Colette Braeckman.  Le sort du Congo s’est joué en 1959



 

 

 


Partageant sa vie et son enseignement entre Kinshasa et Tervuren, Jean Omasombo, auteur d’une remarquable biographie de Patrice Lumumba a eu accès à des archives inédites, enfin déclassifiées, et il s’est attaché à reconstituer les derniers mois ayant précédé l’indépendance du Congo. C’est alors que, loin de l’improvisation souvent invoquée, s’est jouée la partie décisive entre Belges et Congolais.

 

 


Après 80 ans de présente coloniale, les Belges, à la veille de l’indépendance, connaissaient ils réellement le Congo ?

La propagande coloniale, très présente, voilait le vécu réel des Congolais…La version officielle, qui s’est imposée jusqu’aujourd’hui, c’est qu’il y avait là un pays qui fonctionnait et qui, soudain, a basculé dans le chaos le 30 juin 1960. La période antérieure, c’est à dire les mois qui précédèrent l’indépendance, est restée peu connue, alors que c’est là que tout s’est joué.

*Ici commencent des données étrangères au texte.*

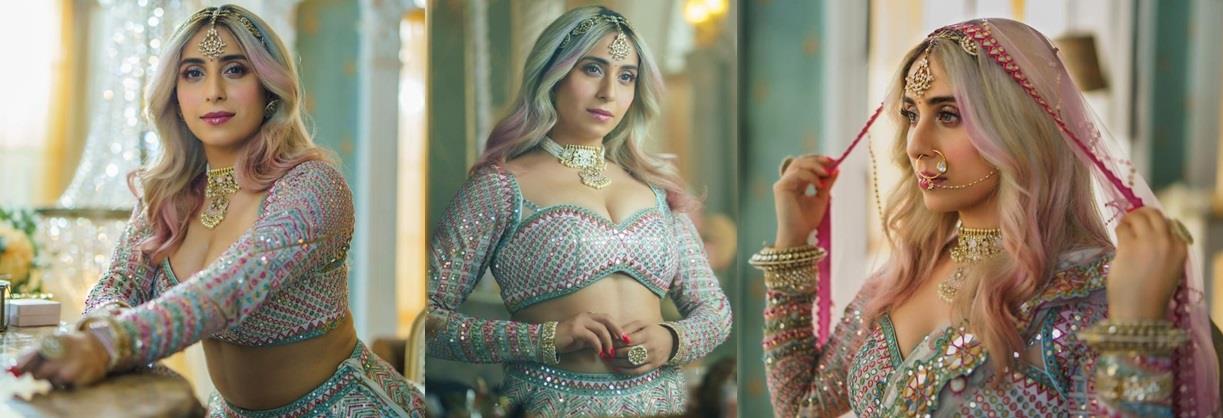 The three minute 43 second video is a mesmerising wedding song, featuring Neha in the avatar of a bride. She looks beautiful in a green and pink heavily embroidered lehenga, with matching jewellery. Her hair is left open with pink streaks.
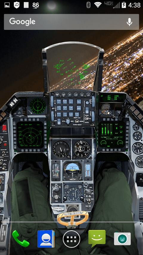 航空をテーマにした時計ウィジェットとコックピットのライブ壁紙
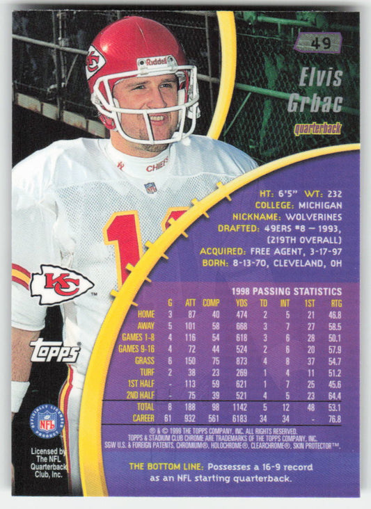 1999 Stadium Club Chrome #49 Elvis Grbac Kansas City Chiefs FB1-613

Bien avant le discours de Patrice Lumumba le 30 juin 1960.

Les seuls qui avaient compris et mis Bruxelles en garde, c’étaient les trois gouverneurs qui avaient précédé le dernier, Cornélis : Pierre Ryckmans, Jungers, Pétillon. De par leurs fonctions, ils avaient fait des tournées dans les provinces, lu les rapports de la Sûreté coloniale. Dans son discours d’adieu prononcé en 1946, Pierre Ryckmans dit déjà « le temps du colonialisme est révolu, il faut autre chose ».

En face des gouverneurs, il y avait les coloniaux. Eux, ils savaient, mais, comme ils profitaient de la situation, ils ne voulaient rien changer. Ils préféraient donc nier, compter sur la Force publique. Quant à la presse belge elle ne pouvait pas voyager au Congo comme elle l’entendait et ceux qui y allaient ne voyaient qu’un aspect des choses.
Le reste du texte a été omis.